When we use
our working memory, we temporarily retain information in our brain. For
instance, you are able to comprehend this sentence because you are briefly
storing in working memory each of the words you are reading until you put them
together to form the meaning of the sentence. The importance of working memory
to many of our cognitive abilities is well known, but less clear are the
neurological machinations driving this process.

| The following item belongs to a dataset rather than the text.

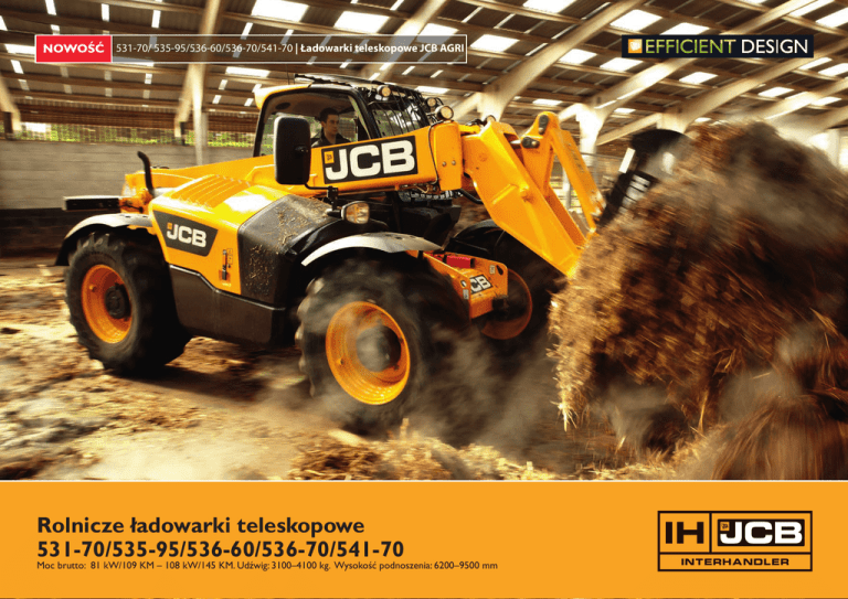 531-70/ 535-95/536-60/536-70/541-70 | Ładowarki teleskopowe JCB AGRI Rolnicze ładowarki teleskopowe 531-70/535-95/536-60/536-70/541-70 Moc brutto: 81 kW/109 KM – 108 kW/145 KM. Udźwig: 3100–4100 kg. Wysokość podnoszenia: 6200–9500 mm Oszczędź na paliwie w ciągu 3 lat 4676 funtów* Każda nowa ładowarka teleskopowa JCB Agri jest efektem naszego programu wydajnych projektów „Efficien Desi”. Oznacza to, że niezależnie jaki model maszyny wybierzesz spodziewać się możesz oszczędności. Tak więc maszyny te wyposażone są w oszczędny w zużyciu paliwa i zdobywający nagrody silnik T4i EcoMAX oraz liczne innowacyjne udoskonalenia jak możliwość zmiany biegów na dźwigni sterowania, inteligentną konsolę sterowania, wentylator chłodzenia o zmiennej prędkości oraz skierowany ku górze wylot powietrza.W celu uzyskanie niezrównanej wydajności maszyna opcjonalnie może być rów-nież wyposażona w silnik o mocy 145KM. Konstrukcja „Efficit Design” oznacza również oszczędności dla środowiska naturalnego; zrównoważony proces produkcyjny prowadzi do wytworzenia maszyny oddziaływującej w najmniejszym stopniu na środowisko naturalne, za-równo na etapie produkcji, okresu użytkowania jak i po zakończeniu jej pracy.Najprościej ujmując, nowe ładowarki teleskopowe JCB Agri zaprojektowane są dla oszczędności pieniędzy, czasu i środowiska naturalnego.* *Wyliczenie dokonane w oparciu o porównanie wyników testów nowej maszyny T4i 541-70 Agri Super 93kW i starszej ma-szy- ny T3 541-70 Agri Super 97kW, przeliczonych na roczny czas pracy 1000 motogodzin i cenie paliwa 72pensów za litr przy mieszanym cyklu pracy maszyny. Dane te oraz potencjalne oszczędności oparte są o badania finy JCB. Wyniki te należy traktować wyłącznie jako dane informacyjne o potencjalnych oszczędnościach i nie powinny być traktowane jako faktyczne oszczędności. Firma JCB zastrzega sobie prawo do zmian i korekty obliczeń. RODZINA NOWYCH ŁADOWAREK TELESKOPOWYCH JCB AGRI ZAPROJEKTOWANA ZOSTAŁA Z MYŚLĄ O NAJLEPSZYM WYKORZYSTANIU TWOJEGO CZASU I PIENIĘDZY. OZNACZA TO, ŻE MOŻESZ OD NIEJ OCZEKIWAĆ WSPANIAŁYCH OSIĄGÓW, UNIWERSALNOŚCI, WIDOCZNOŚCI, DOSKONAŁYCH CZASÓW CYKLI ROBOCZYCH, ERGONOMII STEROWANIA, CZYLI W EFEKCIE NAJWYŻSZEJ WYDAJNOŚCI. Wydajna maszyna 1 Ładowarki teleskopowe JCB Agri są niezwykle manewrowe i kompatowe a olbrzymi kąt skrętu pozwala na zaoszczędzenie cennego czasu w miejscu pracy. 2 Ładowarki teleskopowe JCB Agri standardowo posiadają napęd na cztery koła (istnieje możliwość wyboru napędu na dwa koła w celu ograniczenia zużycia ogumienia i zaoszczędzenia paliwa podczas jazdy po drogach), pomagający zachować doskonałe własności trakcyjne i osiągi maszyny w grząskim miękkim podłożu. Również jako opcja dostępny jest mechanizm różnicowy o ograniczonym poślizgu. Nowy, wydajny silniki JCB EcoMAX T4i zapewnia moc i moment obrotowy przy niskich prędkościach obrotowych zapewniając odpowiednią reakcję maszyny a nasza szeroka oferta ładowarek teleskopowych JCB Agri oznacza, że możesz wybrać model najlepiej odpowiadający Twoim wymaganiom. Dzięki zastosowaniu turbosprężarki o zmiennej geometrii silniki JCB EcoMAX T4i zapewnia doskonałe parametry pracy na niskich obrotach i może dzięki temu ograniczyć zużycie paliwa. Wydajny układ hydrauliczny i układ podnoszenia 4 Dzięki temu wydajność pracy podczas szybkiego przemieszczani się po drogach czy jazdy w nierównym terenie jest wyższa. Szybkozłącza JCB pozwalają na szybką i łatwą wymia-nę osprzętu w standardach „Pin and Cone”, JCB Q-fitoraz w wersji przemysłowej. 3 Układ amortyzacji (SRS) pozwala na ograniczenie drgań przenoszonych przez wysięgnik i zapewnia polepszenia warunków przewożenia ładunków jak również zwiększa komfort pracy operatora. 5 W celu zapewnienia najlepszych parametrów podnoszenia, wysuwania, spychania oraz najszybszych cykli roboczych maszyny wyposażone są w wiodący w swojej klasie układ hydrauliczny „Varifl”. 4 Ładowarki teleskopowe JCB Agri | 531-70/535-95/536-60/536-70/541-70 NIEZRÓWNANE OSIĄGI, NIEZRÓWNANA WYDAJNOŚĆ PRACY Elementy sterowania wpływające na wydajność pracy 6 Ładowarki teleskopowe JCB AGRI umożliwiają pracę w trzech trybach kierowania. Kierowanie skrętem dwóch kół jest idealne do jazdy po drogach z dużą prędkości; kierowaniem skrętem czterech kół jest idealne podczas pracy w ograniczonej przestrzeni; a tryb „kraba” jest idealny do manewrowania maszyną w pobliżu ścian i budynków. 7 Umieszczona na dźwigni sterowania manualna lub automatyczna zmiana biegów we wszystkich modelach oznacza, że zmianę prędkość i kierunku jazdy możesz wykonać szybko i łatwo przy użyciu jednej ergonomicznej dźwigni sterowania. Możliwość rozłączenia układu napędowego przy wciśnięciu pedału hamulca zapewnia wspaniałą wielofunkcyjność oraz wzrost mocy podczas prac załadunkowych i przeładunkowych. Hamowanie jest płynne i czułe dzięki zastosowanemu na wszystkich kołach układowi serwowspomagania. 8 W celu zwiększenia uniwersalności, wszystkie ładowarki teleskopowe JCB Agri wyposażone są standardowo w pojedyncze dodatkowe przyłącze hydrauliczne na wysięgniku które to może służyć do zasilenia szerokiego asortymentu osprzętu. Ładowarki teleskopowe JCB Agri | 531-70/535-95/536-60/536-70/541-70 5 EFEKTY INWESTYCYJNE ŁADOWARKI TELESKOPOWE JCB AGRI SĄ NIE TYLKO EKONOMICZNE W EKSPLOATACJI – SĄ RÓWNIEŻ BARDZO EKONOMICZNE W POSIADANIU I PRACY. MASZYNY ZOSTAŁY ZAPROJEKTOWANE W TAKI SPOSÓB, ABY ZAPEWNIĆ TOBIE MAKSYMALNY ZWROT INWESTYCJI, PRZY OLBRZYMIEJ OSZCZĘDNOŚCI W ZUŻYCIU PALIWA, ZACHOWANIU WYSOKIEJ WARTOŚCI W PRZYPADKU ODSPRZEDAŻY MASZYNY ORAZ NISKICH KOSZTACH PRACY WSZYSTKICH PODZESPOŁÓW MASZYNY. Wydajność EcoMAX 1 Silniki EcoMAX o mocy 81kW, 93kW oraz 108kW wyposażone są w wentylator o zmiennej prędkości, który

A team of researchers has now demonstrated that the
key to understanding working memory relies
not only on what one is storing in memory, but also why. This is the
"working" part of working memory, which emphasizes the purpose of
storing something in the first place.
"We
now know that our visual memories are not simply what one has just seen, but,
instead, are the result of the neural codes dynamically evolving to incorporate
how you intend to use that information in the future," explains Clayton
Curtis, a professor of psychology and neural science at New York University and
the senior author of the paper, which appears in the journal Current Biology.
Specifically,
the study focuses on both how we store the visual properties of our memories in
the occipital lobe, where our visual system resides, and on how the neural
codes that store those memories change over time as people begin to prepare a
response that depends on the memory. In the study, the response simply required
people to look where they remembered an object that disappeared several seconds
ago.
"The
research makes it clear that memory codes can simultaneously contain
information about what we remember seeing and about the future behavior that
depends on those visual memories," notes Hsin-Hung Li, a New York
University postdoctoral researcher and the paper's lead author. "This
means the neural dynamics driving our working memory
result from reformatting memories into forms that are closer to later behaviors
that rely on visual memories."
Textbook
theories state that the storage codes for our working memory are stable over
time. This means that the pattern of neural activity that stores a given visual
memory is the same as when it was first seen and encoded—whether it is a second
later or 10 seconds later. These patterns of neural activity store visual memories,
providing a bridge across time between a past stimulus and a future memory
guided response.
This video of neural activity in primary visual
cortex (V1; left) provides evidence that the neural activity during a spatial
working memory task dynamically evolves from representing the memorized
location (pink circle) to representing the memory guided saccade that will
shift gaze from central fixation (pink cross) to memorized target location
(pink circle). Activity in other areas, like V3AB (right), only encode the past
target location with little dynamics. Credit: Clayton Curtis and Hsin-Hung Li
However, recent studies of animals indicate that these neural patterns are
much more dynamic—in fact, the memory codes are not stable and, instead, appear
to change over time in puzzling ways.
To explore this, Li and Curtis, who previously uncovered how our
working memory is formatted in the brain, devised innovative methods to both
measure changing neural dynamics and critically make the dynamics
interpretable. To do so, they projected the complex neural measurements into a
simple 2D plane, like the screen of your laptop or smartphone.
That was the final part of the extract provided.